§ **How to complete this task**
Please restate the records below verbatim, omitting every image they hold.

§ **Data supplied**
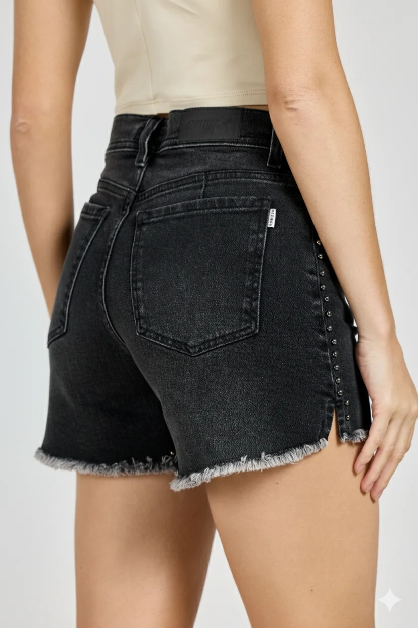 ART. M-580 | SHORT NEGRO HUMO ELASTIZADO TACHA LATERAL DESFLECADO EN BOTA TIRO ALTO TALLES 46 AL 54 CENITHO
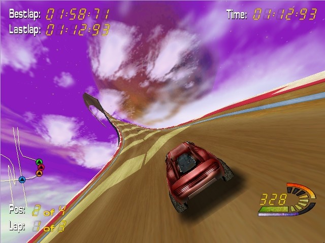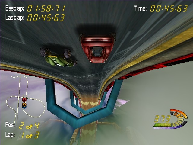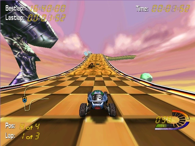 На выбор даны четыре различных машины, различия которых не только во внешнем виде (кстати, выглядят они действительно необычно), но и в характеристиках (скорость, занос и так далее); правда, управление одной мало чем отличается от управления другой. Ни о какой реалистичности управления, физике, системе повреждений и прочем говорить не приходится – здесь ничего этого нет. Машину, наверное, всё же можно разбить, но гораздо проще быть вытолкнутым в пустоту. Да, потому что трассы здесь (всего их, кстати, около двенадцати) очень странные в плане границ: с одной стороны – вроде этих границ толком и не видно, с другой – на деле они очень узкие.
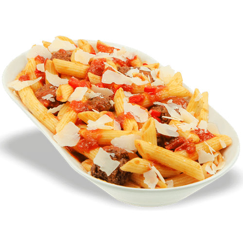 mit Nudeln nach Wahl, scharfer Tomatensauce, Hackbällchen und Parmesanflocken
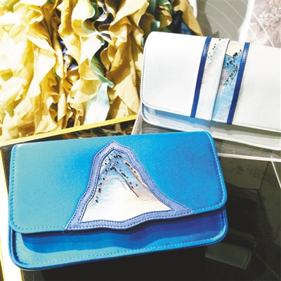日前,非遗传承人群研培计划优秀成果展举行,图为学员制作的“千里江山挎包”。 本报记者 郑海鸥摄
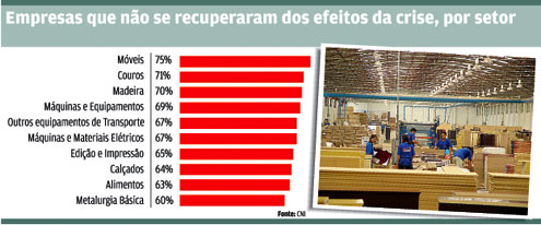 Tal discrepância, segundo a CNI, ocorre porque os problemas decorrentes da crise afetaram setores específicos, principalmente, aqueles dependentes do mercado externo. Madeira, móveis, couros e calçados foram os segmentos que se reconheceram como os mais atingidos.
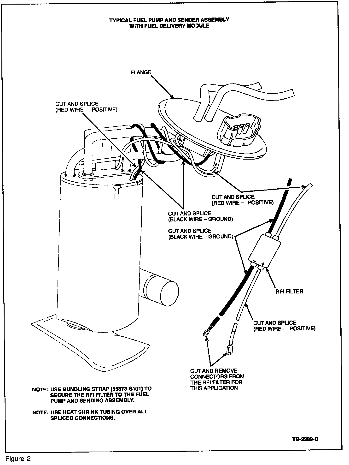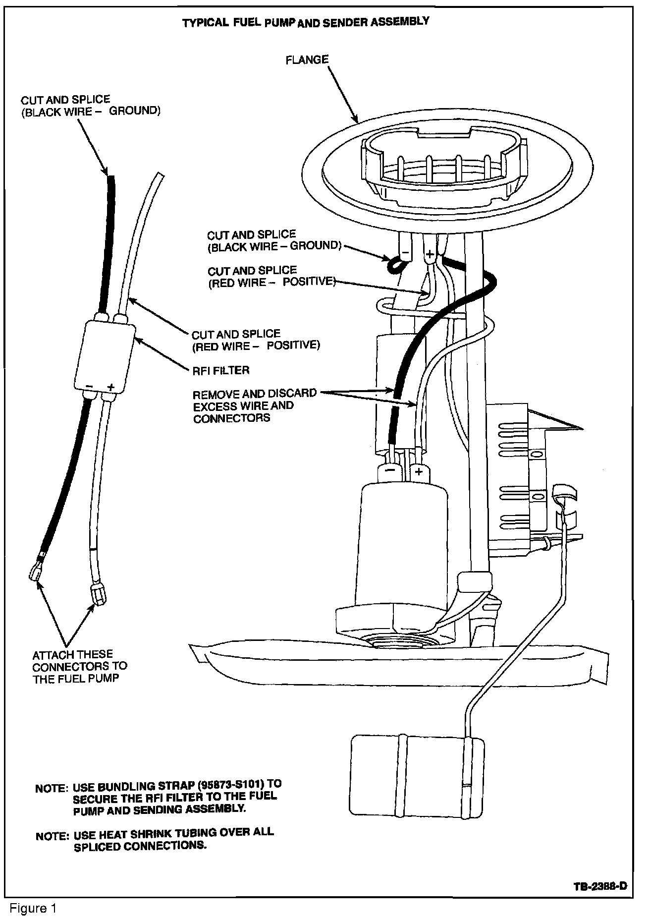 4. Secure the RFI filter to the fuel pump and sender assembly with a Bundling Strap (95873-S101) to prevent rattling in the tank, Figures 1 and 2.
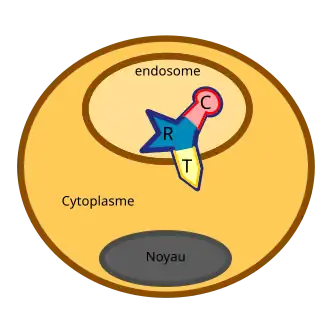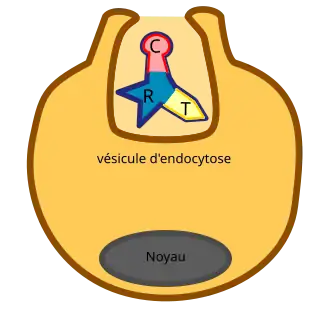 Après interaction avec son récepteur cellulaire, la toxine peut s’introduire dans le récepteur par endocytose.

§ **Problem solution**
 ART. M-580 | SHORT NEGRO HUMO ELASTIZADO TACHA LATERAL DESFLECADO EN BOTA TIRO ALTO TALLES 46 AL 54 CENITHO
 На выбор даны четыре различных машины, различия которых не только во внешнем виде (кстати, выглядят они действительно необычно), но и в характеристиках (скорость, занос и так далее); правда, управление одной мало чем отличается от управления другой. Ни о какой реалистичности управления, физике, системе повреждений и прочем говорить не приходится – здесь ничего этого нет. Машину, наверное, всё же можно разбить, но гораздо проще быть вытолкнутым в пустоту. Да, потому что трассы здесь (всего их, кстати, около двенадцати) очень странные в плане границ: с одной стороны – вроде этих границ толком и не видно, с другой – на деле они очень узкие.
 mit Nudeln nach Wahl, scharfer Tomatensauce, Hackbällchen und Parmesanflocken
日前,非遗传承人群研培计划优秀成果展举行,图为学员制作的“千里江山挎包”。 本报记者 郑海鸥摄
 Tal discrepância, segundo a CNI, ocorre porque os problemas decorrentes da crise afetaram setores específicos, principalmente, aqueles dependentes do mercado externo. Madeira, móveis, couros e calçados foram os segmentos que se reconheceram como os mais atingidos.
 4. Secure the RFI filter to the fuel pump and sender assembly with a Bundling Strap (95873-S101) to prevent rattling in the tank, Figures 1 and 2.
 Après interaction avec son récepteur cellulaire, la toxine peut s’introduire dans le récepteur par endocytose.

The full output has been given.